The boy stopped his snail’s journey and pulled a chair off a table for Max. He continued through a doorway that Max assumed led into the kitchen. The sounds of a hatchet striking ice were heard, and a few moments later the boy returned with a glass of iced water. He placed it, gently, in front of Max with his left hand supporting his right wrist. Max noted the boy’s good manners and thanked him, adding an honorific to the sentence. The boy beamed.

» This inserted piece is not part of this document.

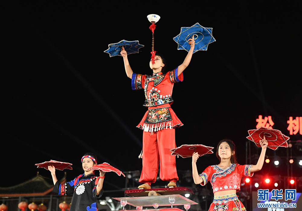 图为5月10日“松桃村晚”现场表演绝技绝艺。新华网发(谢慧芳 摄)
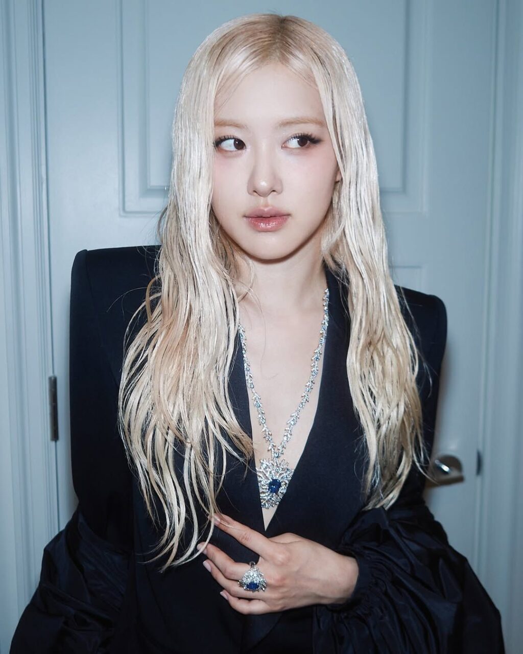 Rosé以完美符合主題的Saint Laurent 黑色禮服出席Met Gala,超大的披肩裙擺也沒法讓人忽視她頸上的Tiffany & Co. 高級珠寶項鏈,因為項鏈中央鑲嵌了超過14卡的藍寶石,旁邊更飾有總重超過13卡的鑽石。

The boy went back into the kitchen and left the old man alone. Max felt the cool air of the room sucking the heat out of his body. He took off his hat and fanned himself with it. There was nothing about the Blah Thong that he could see that set it apart from any of the other dozen or so sing-a-song joints in Phuket City. A bandstand at one end, bar at the other, tables around the perimeter of a small dance floor. Booths against the brick walls. Movie star posters and tissue paper goldfish and other décor Max could not identify in the gloom. Only a few fluorescent bars on the opposite side of the room were on and Max was thoroughly enjoying the dark, the cool, and the silence. Soon he was asleep.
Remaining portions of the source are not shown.